– Я думал, что потерял тебя, – сказал я и обнял ее.
– Ты никогда не потеряешь меня, – прошептала она из-под узкой маски, – и знаешь ли почему? Потому что ты никогда не хочешь удержать меня, как крестьянин свою мотыгу. Для человека света это слишком скучно.
– Уж я-то во всяком случае не человек света, – сказал я ошарашенный.
Мы стояли на повороте лестницы. Из спальни сквозь притворенную дверь падала полоса света от камина, выхватывая из мрака бронзовый орнамент перил, плечи Елены и ее рот.
– Ты не знаешь, кто ты, – прошептала она и посмотрела на меня сквозь разрезы маски блестящими глазами, которые, как у змеи, не выражали ничего, но лишь блестела неподвижно.
– Если бы ты только знал, как безотрадны все эти донжуаны! Как поношенные платья. А ты – ты мое сердце.
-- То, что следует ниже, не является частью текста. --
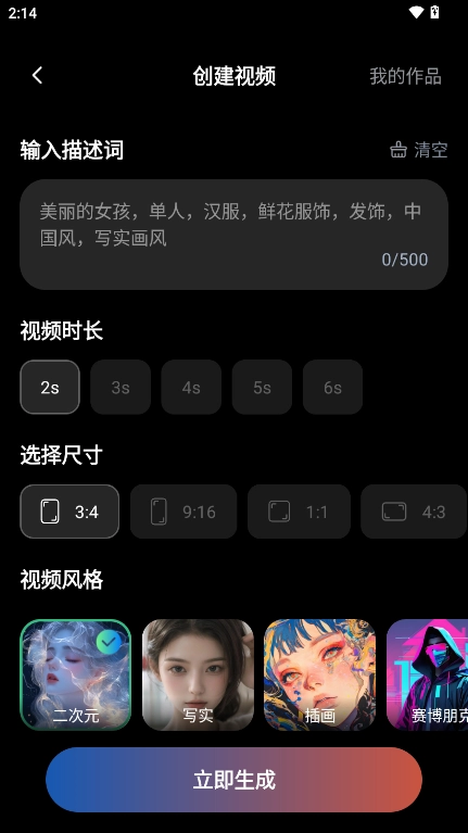 4、在创作页面,用户输入关键词就可以生成优质的视频了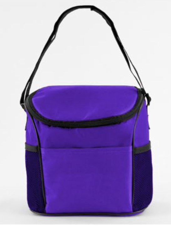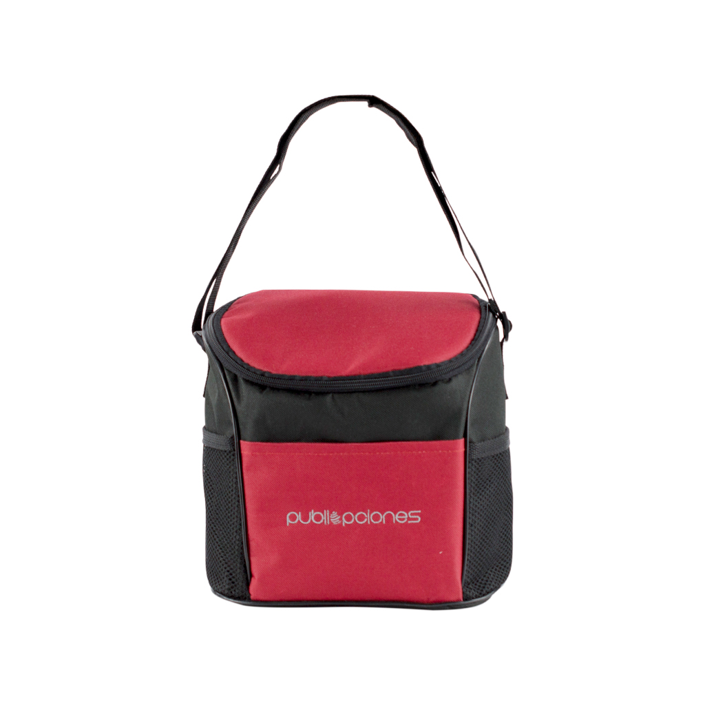 Lonchera elaborada en Lona Oxford en amplia variedad de colores, zipper de cierre frontal y faja ajustable color Negro, bolsa en el frente, bolsas de redecilla color Negro en los costados.

Может быть, виною тому были костюмы, что мы так беспечно произносили слова. Как и она, я тоже переоделся в домино – немного против своей воли. Но моя одежда тоже была мокрая после дождливого дня и сохла у камина. Необычные платья в призрачном окружении минувшей жеманной эпохи преобразили нас и делали возможными в наших устах иные, обычно неведомые слова. Верность и неверность потеряли вдруг свою тяжесть и односторонность; одно могло стать другим, существовало не просто то или другое – возникли тысячи оттенков и переходов, а слова утратили прежнее значение.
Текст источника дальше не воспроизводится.